Every quarter we print a pricing almanac. The job is unglamorous: take what each provider charges per million tokens, normalise it to GBP at the closing spot rate on the last trading day of the quarter, sort it into a table you can actually read, and write down what changed. It is the kind of document a finance team will photocopy and pin above a desk. It is also the document we wish someone else had been keeping consistently, and was not.
This issue is the Q1 2026 print. The cut-off for prices is 31 March. All figures are in pounds sterling per million tokens, converted from the provider's published USD list at GBP 1.00 = USD 1.272. We are showing list prices, not enterprise discounts; the gap between the two is, in our experience, between 8 and 22 per cent for workloads above £25k a month, and is a separate piece of work.
The point of the almanac is not the absolute numbers, which move. It is the shape. Pricing has now settled into a clear three-tier structure across providers (frontier, mid, small), the cached input discount has stabilised at roughly a tenth of the uncached rate at four of the seven providers we track, and the long-rumoured collapse in mid-tier pricing finally arrived in March, courtesy of DeepSeek and, two weeks later, OpenAI. The sections below document each.
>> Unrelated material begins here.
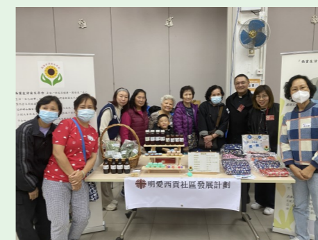
牛頭角明愛年宵活動

§ I, The printWhat is on the chart, and how to read it
The hero chart shows ten models from seven providers, plotted by price per million tokens on the vertical. Each model occupies a single column. The filled dot is output price, the faded dot is uncached input price, and the small open ring is the cached input price where the provider supports caching. Read down a column to see the three rates for a model. Read across one colour to see a provider's ladder.
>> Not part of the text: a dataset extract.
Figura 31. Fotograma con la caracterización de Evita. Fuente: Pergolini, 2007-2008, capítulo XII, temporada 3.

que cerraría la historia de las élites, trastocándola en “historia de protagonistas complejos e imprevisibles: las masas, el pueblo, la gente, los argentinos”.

We have clipped the Opus output dot at the top of the grid. The actual rate is £60.20 per million output tokens, which is roughly three times the next-most-expensive frontier output on the chart. If we let it set the scale the rest of the prices would compress into a thin band at the bottom, which is the chart-making trap pricing posts usually fall into. The full table is below.
The Q1 2026 table, in GBP per million tokens
- Anthropic, Claude Opus 4.5: input £11.78, cached input £1.18, output £60.20. The Opus tier remains the most expensive sustained-availability frontier model in our sample. Caching is honoured at 10 per cent of uncached input, in line with prior quarters.
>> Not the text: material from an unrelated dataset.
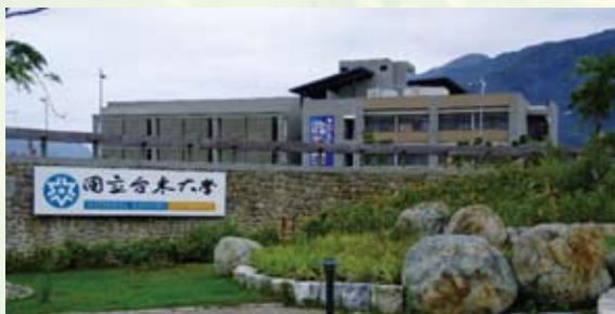
國立臺東大學大學校園

未來繼續發揮本校辦學理念與人才培育宗旨，建構完整之培訓課程及實習互動網路平台，使在校學生可透過本平台接受新知，及了解相關實習經驗，將發展完整之職前教師培訓學程，為專業培育服務遍遠之各學校師資為特色的師資培育機構，以提昇學生的專業精神，期許學生能在專業知能與專業精神的訓練中，具有更堅強的競爭力。

- Anthropic, Claude Sonnet 4.5: input £2.36, cached input £0.24, output £11.78. Sonnet pricing has not moved in a year, which is becoming a story in itself.
- Anthropic, Claude Haiku 4.5: input £0.63, cached input £0.063, output £3.14. The 4.5 Haiku release in February brought Haiku output down by 18 per cent, the largest drop in the Haiku line since the original 3.5.
- OpenAI, GPT-5 (standard): input £1.85, cached input £0.18, output £14.62. The cached input rate held; the cache TTL did not, which we get to in section III.
- OpenAI, GPT-5 Mini: input £0.20, cached input £0.02, output £1.60. Mini dropped a notch in late March, plausibly in response to DeepSeek.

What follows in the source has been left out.